__PROBLEM REQUIREMENTS__
Nothing but the lines from the one containing "3 Pcs - Printed Viscose Azure Gown" through the end of the data below should appear in the answer, each exact and free of pictures.

__SOURCE MATERIAL__
——————

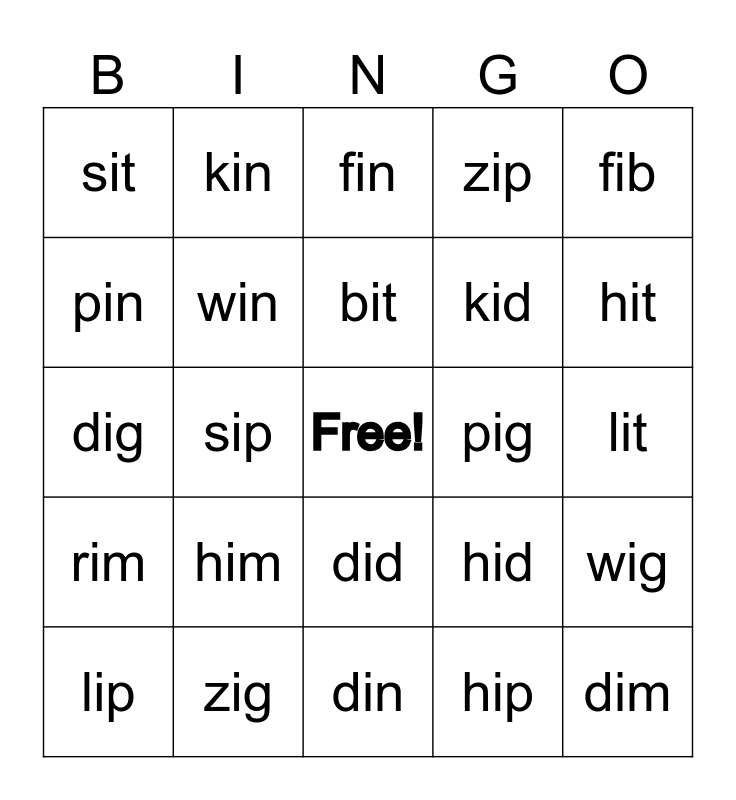 This bingo card has a free space and 27 words: hid, rid, kid, din, pin, fin, kin, rim, pig, wig, dig, zip, lip, zig, hit, big, win, bit, him, sit, lit, hip, sip, dim, did, fib and Jim.
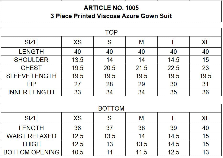 3 Pcs - Printed Viscose Azure Gown
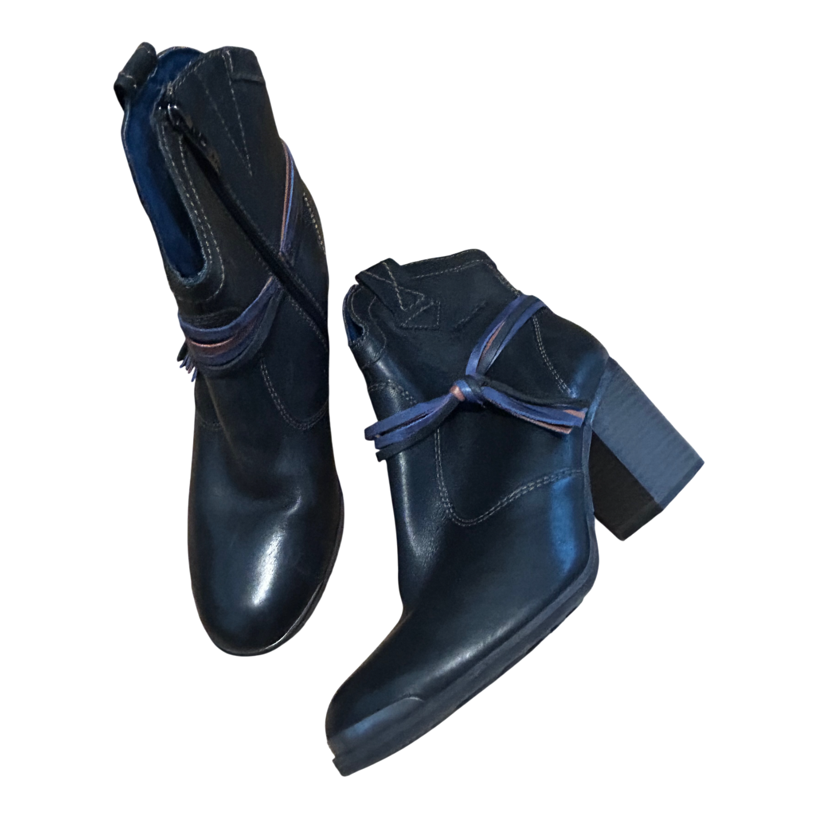 Tamaris Stiefeletten Damen Schuhe Gr 40 Schwarz Leder Blockabsatz Reißverschluss

——————

__EXPECTED ANSWER__
 3 Pcs - Printed Viscose Azure Gown
 Tamaris Stiefeletten Damen Schuhe Gr 40 Schwarz Leder Blockabsatz Reißverschluss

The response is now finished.